- Data for processing
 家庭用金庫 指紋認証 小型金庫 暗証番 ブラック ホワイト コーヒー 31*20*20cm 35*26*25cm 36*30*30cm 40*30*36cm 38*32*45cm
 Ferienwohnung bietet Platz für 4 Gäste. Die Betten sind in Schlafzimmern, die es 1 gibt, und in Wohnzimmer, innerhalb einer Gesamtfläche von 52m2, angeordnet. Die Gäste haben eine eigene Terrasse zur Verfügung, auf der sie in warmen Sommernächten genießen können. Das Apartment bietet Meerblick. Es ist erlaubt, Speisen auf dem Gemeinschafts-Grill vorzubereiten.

...

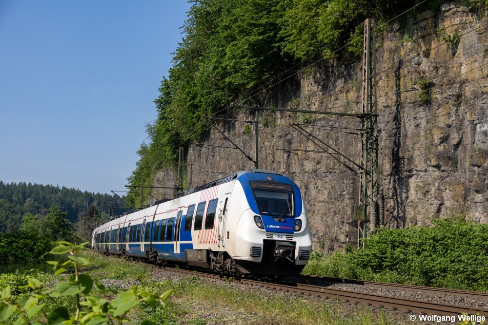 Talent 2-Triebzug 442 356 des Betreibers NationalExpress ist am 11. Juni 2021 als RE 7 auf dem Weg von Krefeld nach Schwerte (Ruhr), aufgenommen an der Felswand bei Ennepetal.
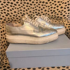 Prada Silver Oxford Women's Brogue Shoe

- Your objective
Retype only the stretch of lines above starting at the one with "家庭用金庫 指紋認証 小型金庫" and stopping at the one with "Ferienwohnung bietet Platz", exactly as written, with both kept.

- Response box
 家庭用金庫 指紋認証 小型金庫 暗証番 ブラック ホワイト コーヒー 31*20*20cm 35*26*25cm 36*30*30cm 40*30*36cm 38*32*45cm
 Ferienwohnung bietet Platz für 4 Gäste. Die Betten sind in Schlafzimmern, die es 1 gibt, und in Wohnzimmer, innerhalb einer Gesamtfläche von 52m2, angeordnet. Die Gäste haben eine eigene Terrasse zur Verfügung, auf der sie in warmen Sommernächten genießen können. Das Apartment bietet Meerblick. Es ist erlaubt, Speisen auf dem Gemeinschafts-Grill vorzubereiten.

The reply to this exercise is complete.